- **Extracted material**:
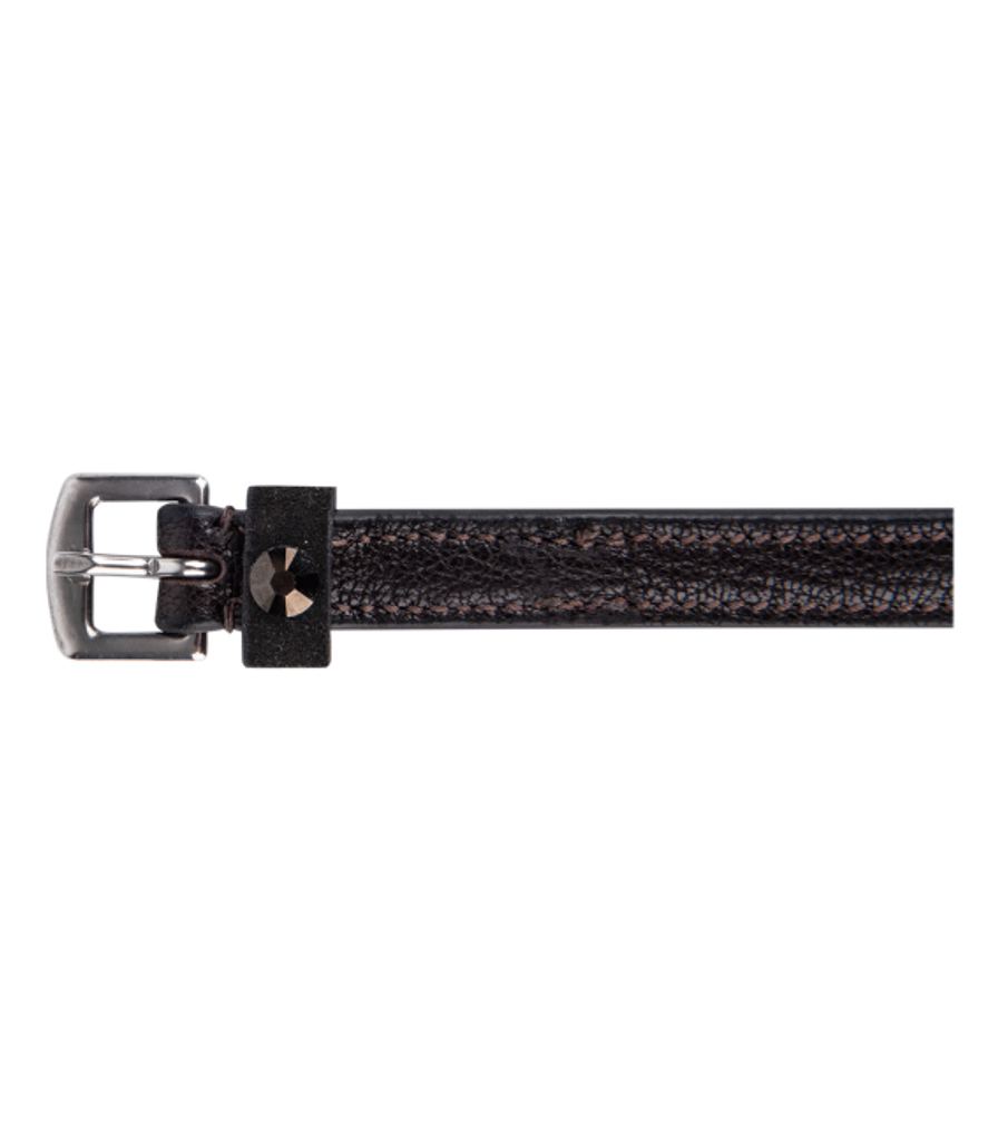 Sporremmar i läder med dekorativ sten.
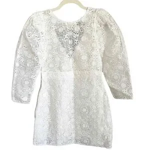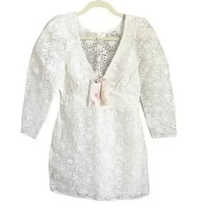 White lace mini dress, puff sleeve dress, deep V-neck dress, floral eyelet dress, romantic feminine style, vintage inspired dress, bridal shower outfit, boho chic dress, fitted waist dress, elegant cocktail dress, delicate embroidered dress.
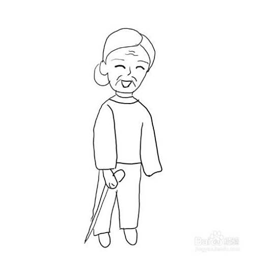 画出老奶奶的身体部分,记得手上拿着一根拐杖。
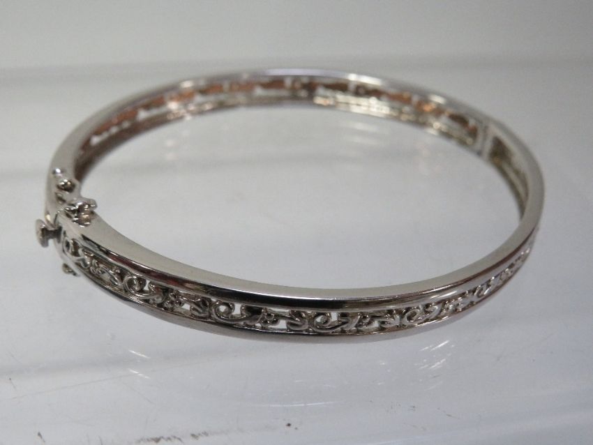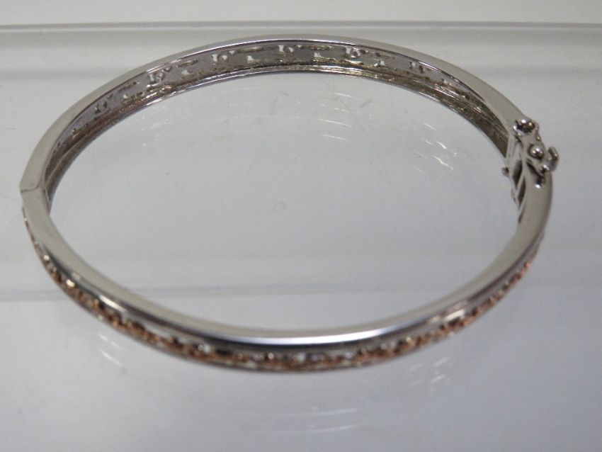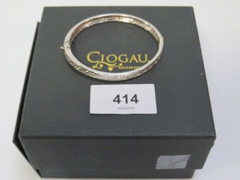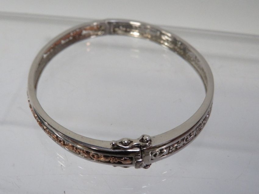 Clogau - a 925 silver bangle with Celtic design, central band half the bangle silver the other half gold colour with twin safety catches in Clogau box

* * *

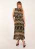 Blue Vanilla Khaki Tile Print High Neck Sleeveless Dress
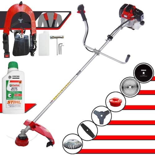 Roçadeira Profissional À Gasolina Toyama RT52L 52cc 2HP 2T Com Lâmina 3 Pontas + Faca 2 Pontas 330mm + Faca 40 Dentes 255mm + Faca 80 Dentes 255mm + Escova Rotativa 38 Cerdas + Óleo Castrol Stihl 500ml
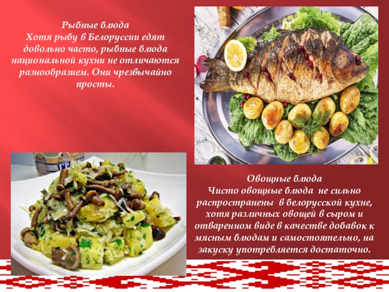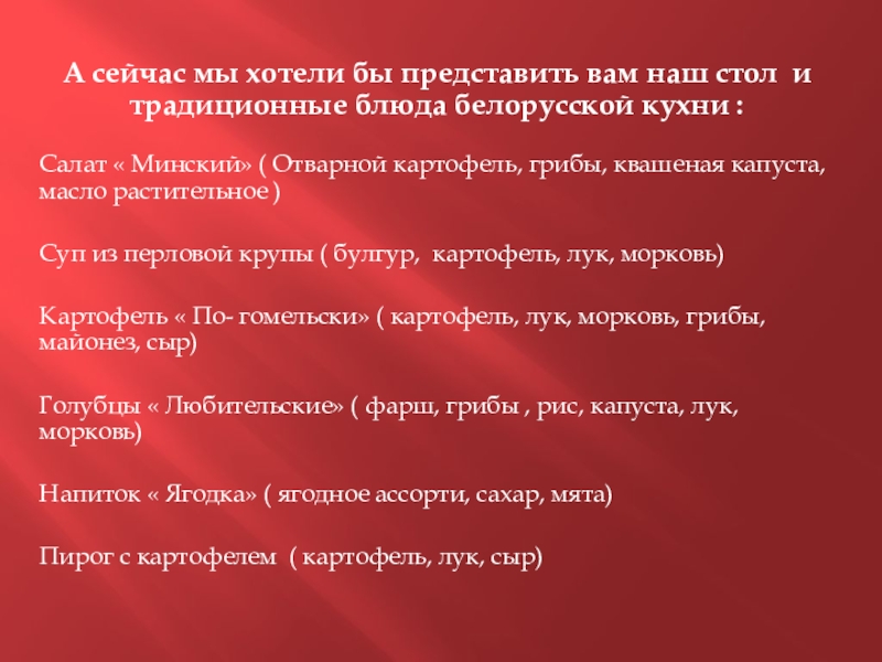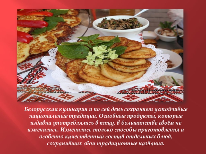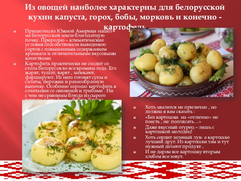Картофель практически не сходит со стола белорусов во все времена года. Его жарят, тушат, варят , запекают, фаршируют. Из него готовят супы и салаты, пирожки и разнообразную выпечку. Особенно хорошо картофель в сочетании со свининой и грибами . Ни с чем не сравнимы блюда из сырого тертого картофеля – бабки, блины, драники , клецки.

---

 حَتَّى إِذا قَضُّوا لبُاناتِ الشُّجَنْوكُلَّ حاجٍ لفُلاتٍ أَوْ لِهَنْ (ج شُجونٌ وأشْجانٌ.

- **What you should do**:
Transcribe exactly the lines above, beginning at the one with "画出老奶奶的身体部分,记得手上拿着一根拐杖。" and going up to and including the one with "Clogau - a 925". Pictures do not belong in the copy.

- **Response to the task**:
 画出老奶奶的身体部分,记得手上拿着一根拐杖。
 Clogau - a 925 silver bangle with Celtic design, central band half the bangle silver the other half gold colour with twin safety catches in Clogau box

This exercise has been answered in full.